= Problem =
Set down every entry word for word. Omit the pictures.

══════════

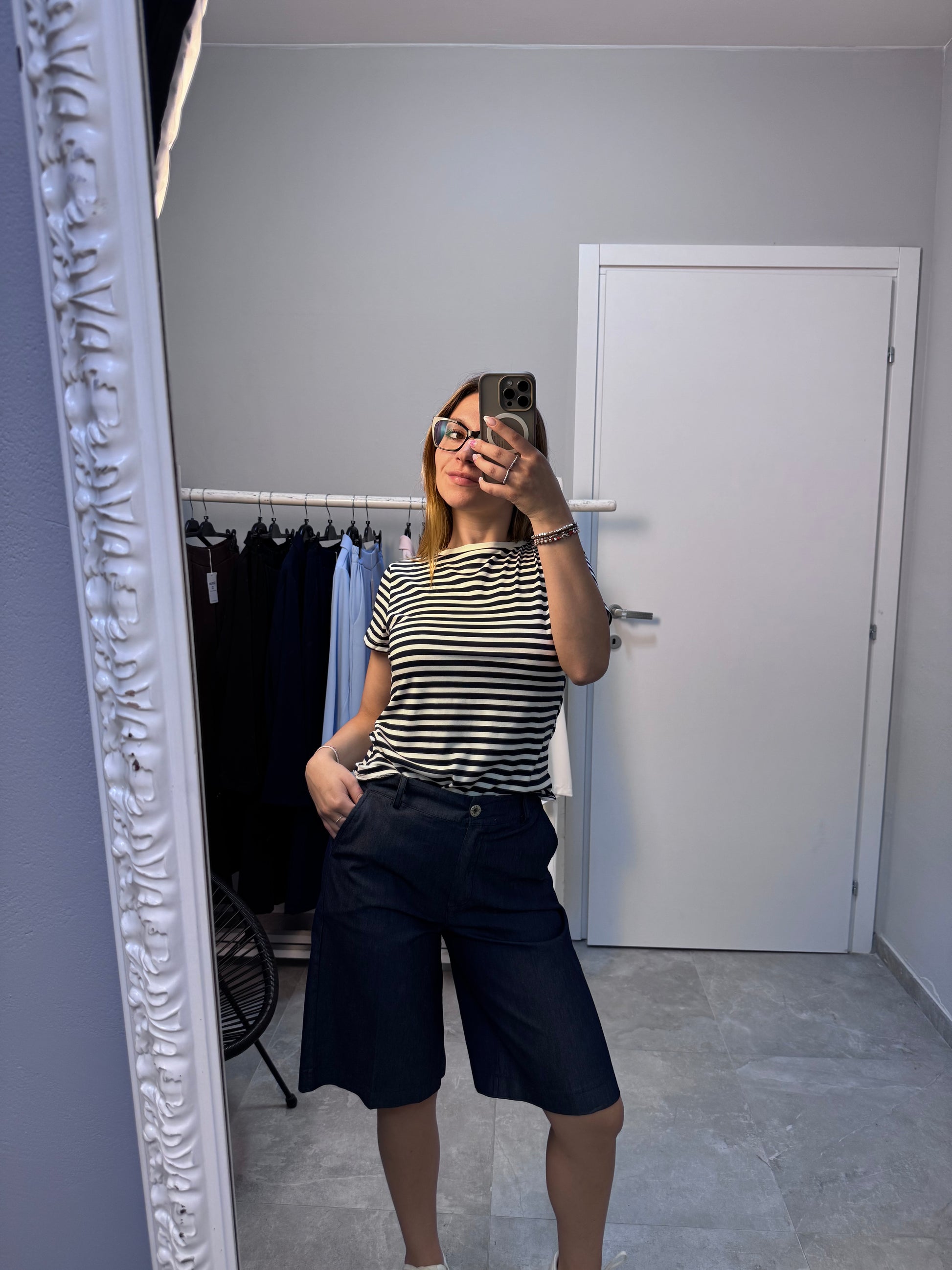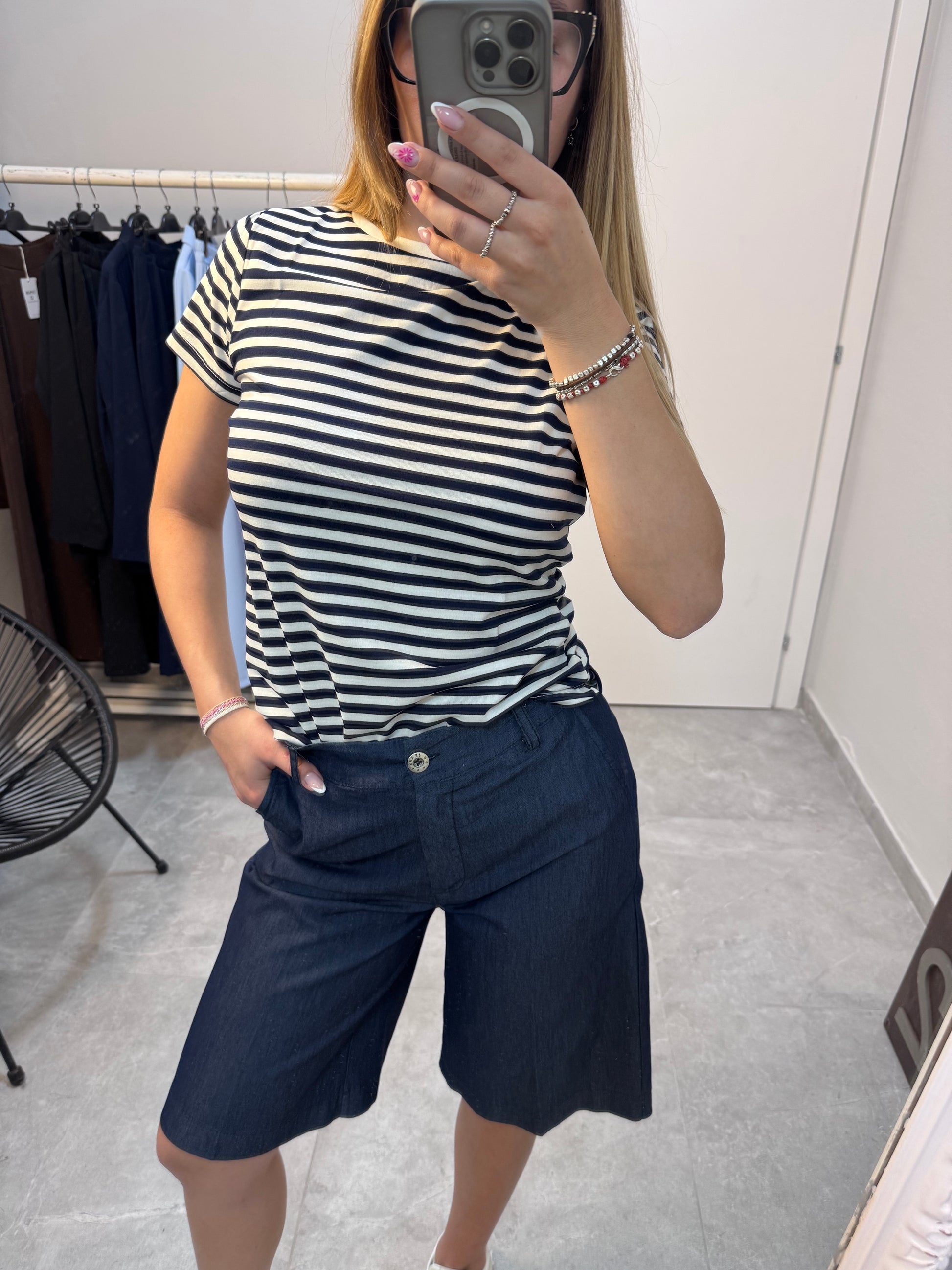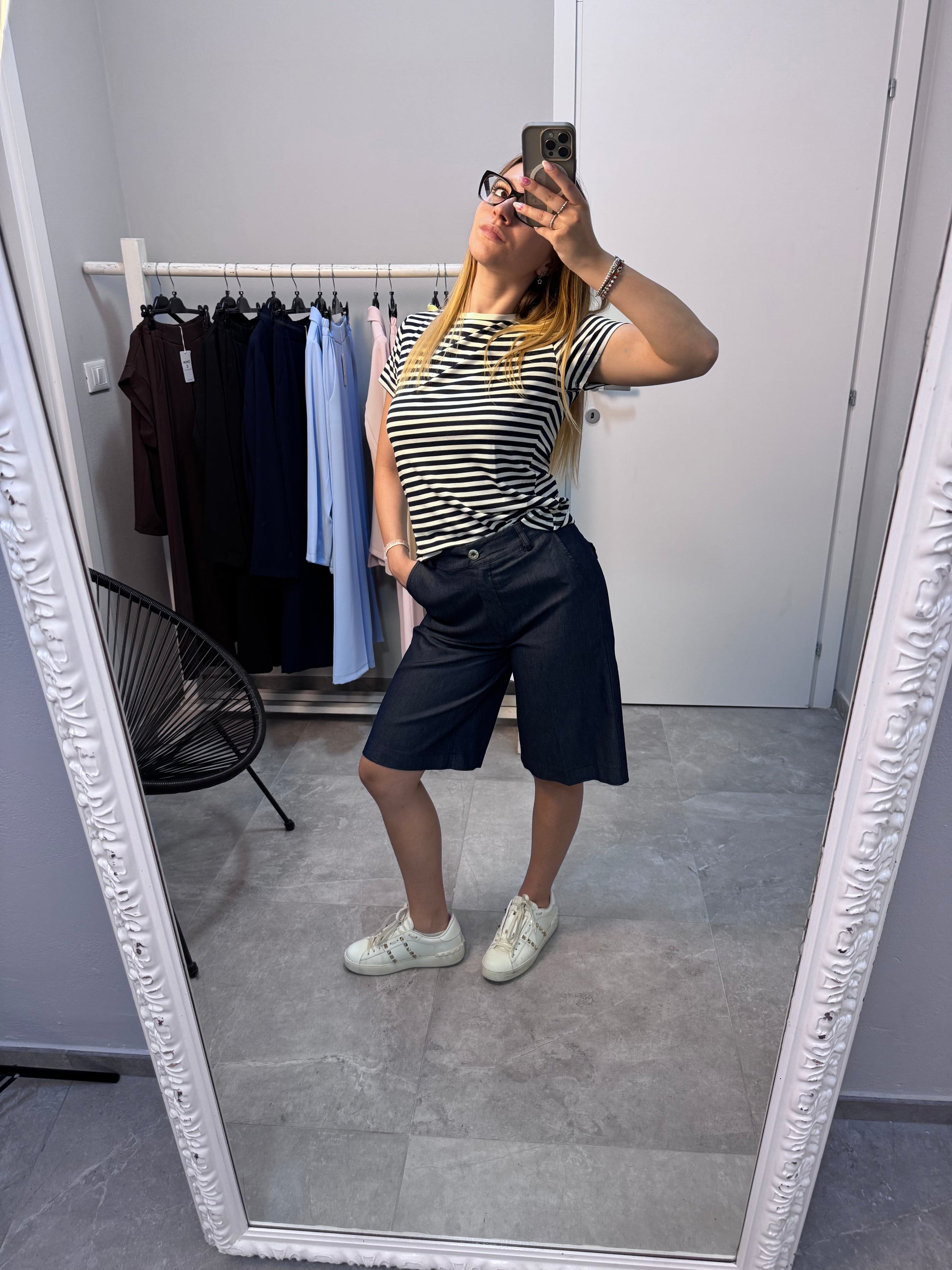 Descrizione: Bermuda lavaggio jeans con bottone in cintura.
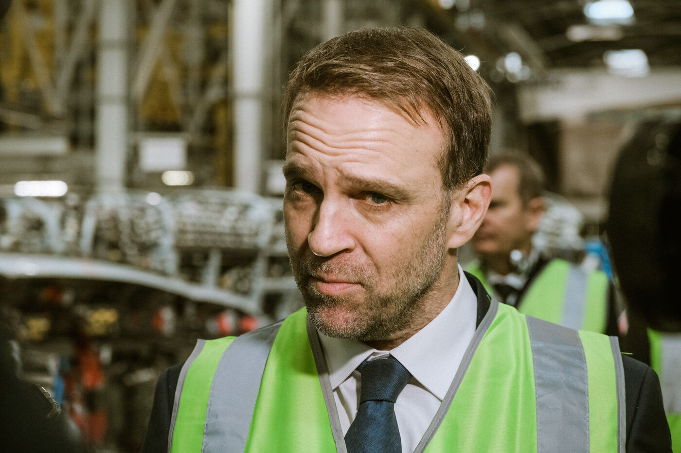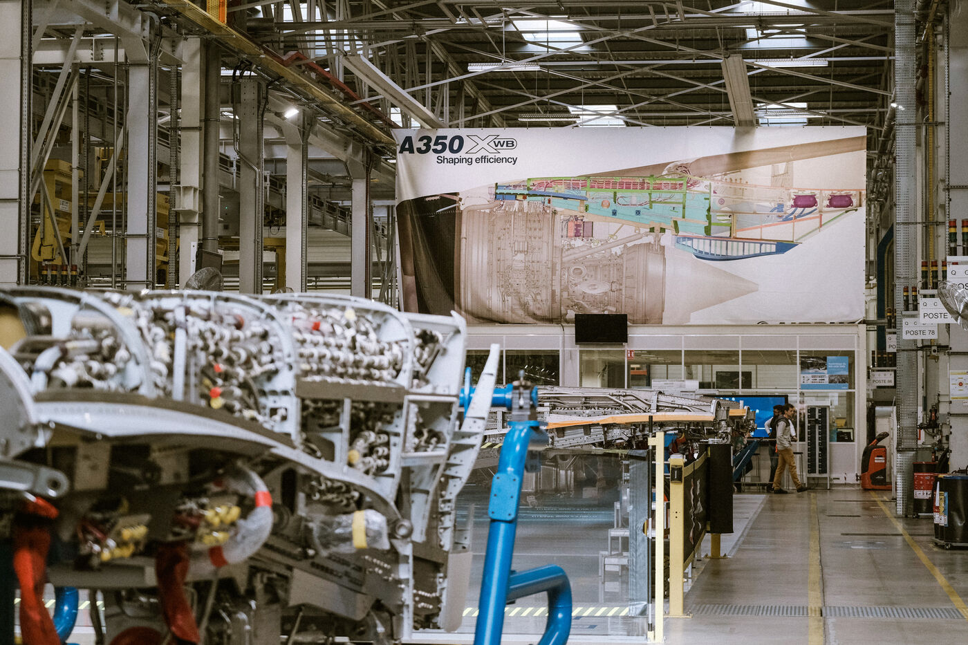 Visit of the Airbus Saint-Eloi vocational school and the production line of masts for A350 aircraft in Toulouse, southwest France on November 18, 2024.
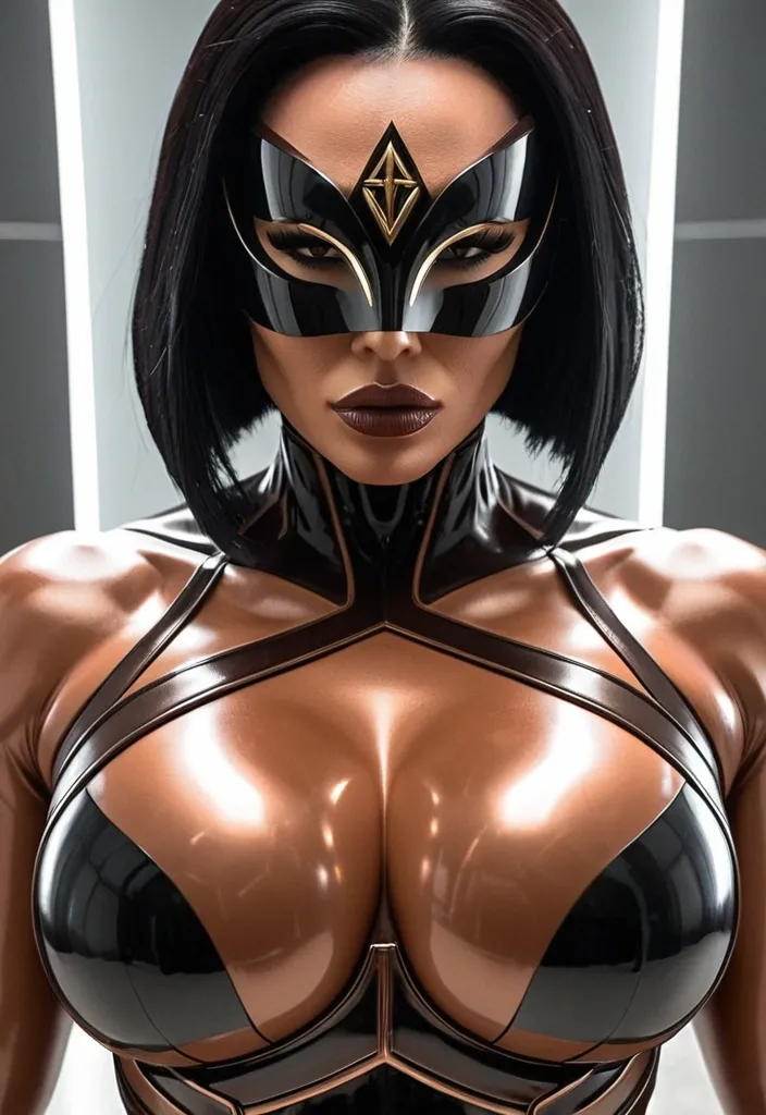 Generate Gorgeous female boss , bimbo , Japanese woman , hourglass body , abnormally massive female bodybuilder , gorgeous , close up , full lips , big booty , black hair , pompadour short bob-cut , , feminine silhouette , too big breast , big booty , sexy thighs abs , silhouette , up close , flexing biceps , beautiful brown eyes , legs are iconic and defining physical feature , both visually and in terms of combat ability.wearing an outfit that is a striking blend of elegance , power , and femininity , designed to command attention in any room. The suit is tailored to perfection , hugging the wearer’s curves with precision while emphasizing a structured silhouette. The fabric itself is a refined grey tweed patterned with subtle white grid lines , giving the suit a texture that feels both sophisticated and modern. The blazer features broad blue lapels and gold button accents , adding a luxurious touch that elevates the look beyond typical business attire. The matching high-waisted trousers elongate the frame , further enhancing the poised and commanding effect of the ensemble.The styling choices amplify the boldness of the suit. The inner blouse is a silky , greybutton-down shirt that complements the tweed’s tone while introducing a softer , feminine balance to the sharp tailoring of the jacket. The blouse peeks out neatly from under the blazer , maintaining elegance without drawing focus away from the suit’s commanding cut. Accessories are kept minimal yet intentional: a delicate layered gold necklace and hoop earrings that add glimmers of light and luxury without overpowering the outfit. The choice of voluminous , honey-brown braids cascading down her shoulders frames the face with both confidence and glamour , completing the commanding visual.Altogether , this look communicates a blend of authority and allure. It is business-ready yet fashion-forward , balancing corporate structure with vibrant femininity. The color palette blue , grey and gold avoids being overly delicate , instead embracing the richness of texture , structure , and presence. This is the kind of ensemble that speaks to ambition , sophistication , and personal style—ideal for someone who thrives in positions of influence but insists on expressing her individuality with bold elegance. It’s not just clothing—it’s a statement of power wrapped in grace. In luxury living legs that could crush a watermelon , skirt high boots are a bold and striking statement piece , crafted in glossy black patent leather that gives them a sleek , polished finish. Rising to just below the knee , the boots feature three adjustable buckle straps along the shaft , adding both edge and detail to their design. The towering stiletto heel , paired with a thick platform sole , creates an ultra-dramatic silhouette that elongates the leg and exudes power and confidence. With their combination of shine , height , and structure , these boots perfectly balance fierce femininity with high-fashion allure. Massive breast , massive cleavage , Up close shotThis powerhouse hourglass silhouetted female superhero wears a sleek , form-fitting brown-beige bodysuit with intricate dark bronze accents that highlight her powerful physique , complemented by a dramatic intense stare that adds mystery and flowing movement. A distinctive f her face while leaving her determined expression visible , and the prominent dark bronze hourglass emblem on her chest symbolizes vigilance , freedom , and unyielding strength. Massive cleavage , up close shot , mask with futuristic visors , full body shot ,
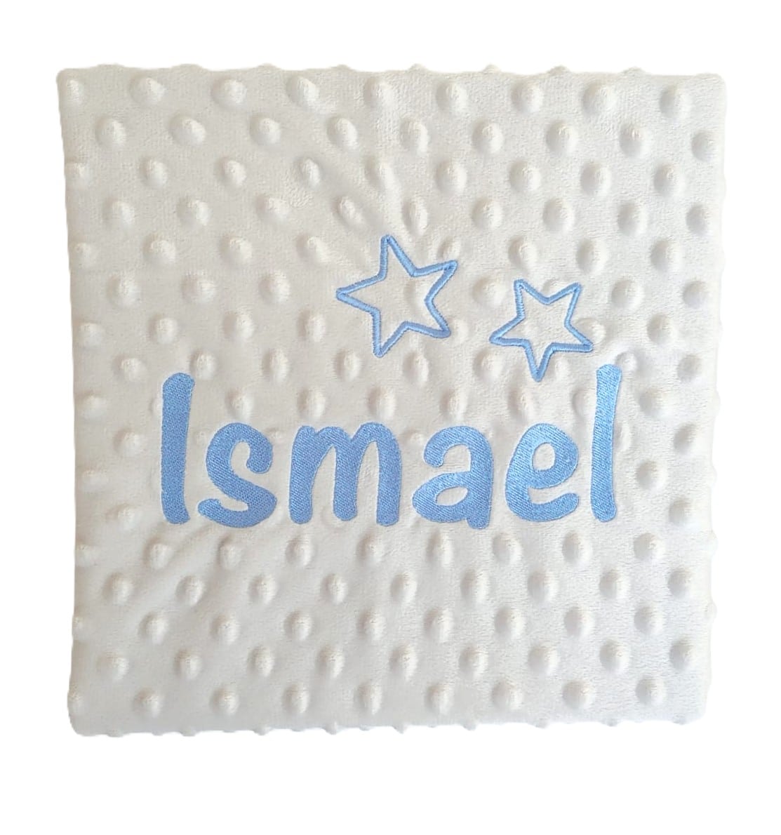Mantita para bebé de 110×80. La primera mantita para tu bebé, para que se sienta arropado y le resguarde del frío. De alta calidad, es de doble tela, la delantera con topitos y la trasera lisa. Se presenta bien embalada en su caja de cartón por debajo y plástico imitando al cristal en la parte superior. Nombre Personalizado bordado con dos estrellitas acabada en picos si es niño y redondeadas si es niña, en el color del nombre. Color Gris. Bordado en color Azul. Existe en otros colores. Marca Gamberritos. Importado por Casa Dorada del Mediterraneo, S. L.
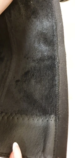 Сапоги суперские, очень комфортные. На стопу 25 см подошли отлично, нигде ничего не жмёт и не давит. Спасибо продавцу за теплые носочки и заколку. Внутри мягкий короткий плюш.
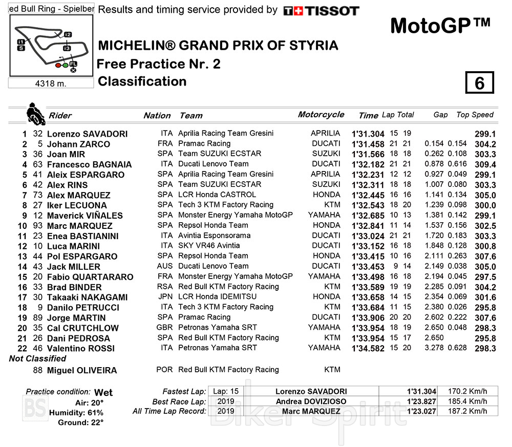 Ο Jack Miller που, όπως αναφέρθηκε, τόλμησε να χρησιμοποιήσει slicks στο τέλος της συνεδρίας τερμάτισε 14ος, μπροστά από τον Fabio Quartararo (Yamaha Factory).
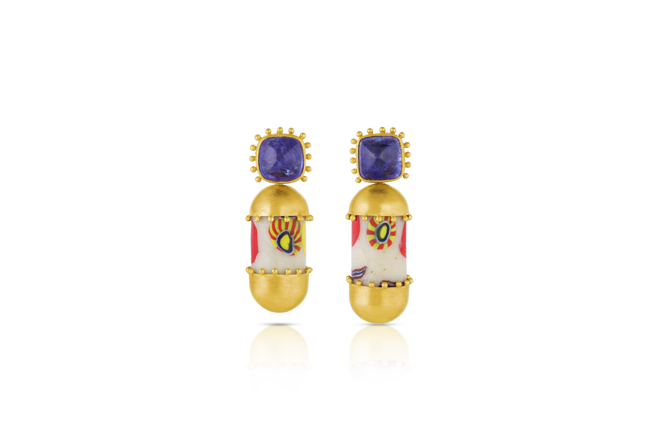 Loren Nicole Murano Cylinder Earring, 22k gold, Tanzanite, Antique Murano Glass, $14,800
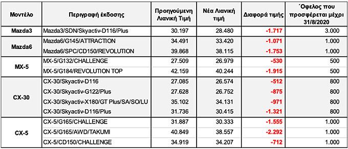 Στα περισσότερα μοντέλα Mazda σημειώνονται σημαντικές διαφορές τιμών έως και -1,700€. Ειδικότερα στα μοντέλα Mazda3 & CX-30 εντοπίζονται σημαντικές μειώσεις τιμών στις εκδόσεις Skyactiv- D (Diesel).
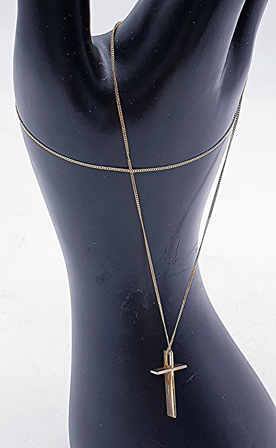 PRESENTED AS A 9ct GOLD (Hallmarked) CROSS PENDANT ON A 40 cm GOLD (375)NECK CHAIN (Total Weight 1.8 Grams)

══════════

= Response for this exercise =
 Descrizione: Bermuda lavaggio jeans con bottone in cintura.
 Visit of the Airbus Saint-Eloi vocational school and the production line of masts for A350 aircraft in Toulouse, southwest France on November 18, 2024.
 Generate Gorgeous female boss , bimbo , Japanese woman , hourglass body , abnormally massive female bodybuilder , gorgeous , close up , full lips , big booty , black hair , pompadour short bob-cut , , feminine silhouette , too big breast , big booty , sexy thighs abs , silhouette , up close , flexing biceps , beautiful brown eyes , legs are iconic and defining physical feature , both visually and in terms of combat ability.wearing an outfit that is a striking blend of elegance , power , and femininity , designed to command attention in any room. The suit is tailored to perfection , hugging the wearer’s curves with precision while emphasizing a structured silhouette. The fabric itself is a refined grey tweed patterned with subtle white grid lines , giving the suit a texture that feels both sophisticated and modern. The blazer features broad blue lapels and gold button accents , adding a luxurious touch that elevates the look beyond typical business attire. The matching high-waisted trousers elongate the frame , further enhancing the poised and commanding effect of the ensemble.The styling choices amplify the boldness of the suit. The inner blouse is a silky , greybutton-down shirt that complements the tweed’s tone while introducing a softer , feminine balance to the sharp tailoring of the jacket. The blouse peeks out neatly from under the blazer , maintaining elegance without drawing focus away from the suit’s commanding cut. Accessories are kept minimal yet intentional: a delicate layered gold necklace and hoop earrings that add glimmers of light and luxury without overpowering the outfit. The choice of voluminous , honey-brown braids cascading down her shoulders frames the face with both confidence and glamour , completing the commanding visual.Altogether , this look communicates a blend of authority and allure. It is business-ready yet fashion-forward , balancing corporate structure with vibrant femininity. The color palette blue , grey and gold avoids being overly delicate , instead embracing the richness of texture , structure , and presence. This is the kind of ensemble that speaks to ambition , sophistication , and personal style—ideal for someone who thrives in positions of influence but insists on expressing her individuality with bold elegance. It’s not just clothing—it’s a statement of power wrapped in grace. In luxury living legs that could crush a watermelon , skirt high boots are a bold and striking statement piece , crafted in glossy black patent leather that gives them a sleek , polished finish. Rising to just below the knee , the boots feature three adjustable buckle straps along the shaft , adding both edge and detail to their design. The towering stiletto heel , paired with a thick platform sole , creates an ultra-dramatic silhouette that elongates the leg and exudes power and confidence. With their combination of shine , height , and structure , these boots perfectly balance fierce femininity with high-fashion allure. Massive breast , massive cleavage , Up close shotThis powerhouse hourglass silhouetted female superhero wears a sleek , form-fitting brown-beige bodysuit with intricate dark bronze accents that highlight her powerful physique , complemented by a dramatic intense stare that adds mystery and flowing movement. A distinctive f her face while leaving her determined expression visible , and the prominent dark bronze hourglass emblem on her chest symbolizes vigilance , freedom , and unyielding strength. Massive cleavage , up close shot , mask with futuristic visors , full body shot ,
Mantita para bebé de 110×80. La primera mantita para tu bebé, para que se sienta arropado y le resguarde del frío. De alta calidad, es de doble tela, la delantera con topitos y la trasera lisa. Se presenta bien embalada en su caja de cartón por debajo y plástico imitando al cristal en la parte superior. Nombre Personalizado bordado con dos estrellitas acabada en picos si es niño y redondeadas si es niña, en el color del nombre. Color Gris. Bordado en color Azul. Existe en otros colores. Marca Gamberritos. Importado por Casa Dorada del Mediterraneo, S. L.
 Сапоги суперские, очень комфортные. На стопу 25 см подошли отлично, нигде ничего не жмёт и не давит. Спасибо продавцу за теплые носочки и заколку. Внутри мягкий короткий плюш.
 Ο Jack Miller που, όπως αναφέρθηκε, τόλμησε να χρησιμοποιήσει slicks στο τέλος της συνεδρίας τερμάτισε 14ος, μπροστά από τον Fabio Quartararo (Yamaha Factory).
 Loren Nicole Murano Cylinder Earring, 22k gold, Tanzanite, Antique Murano Glass, $14,800
 Στα περισσότερα μοντέλα Mazda σημειώνονται σημαντικές διαφορές τιμών έως και -1,700€. Ειδικότερα στα μοντέλα Mazda3 & CX-30 εντοπίζονται σημαντικές μειώσεις τιμών στις εκδόσεις Skyactiv- D (Diesel).
 PRESENTED AS A 9ct GOLD (Hallmarked) CROSS PENDANT ON A 40 cm GOLD (375)NECK CHAIN (Total Weight 1.8 Grams)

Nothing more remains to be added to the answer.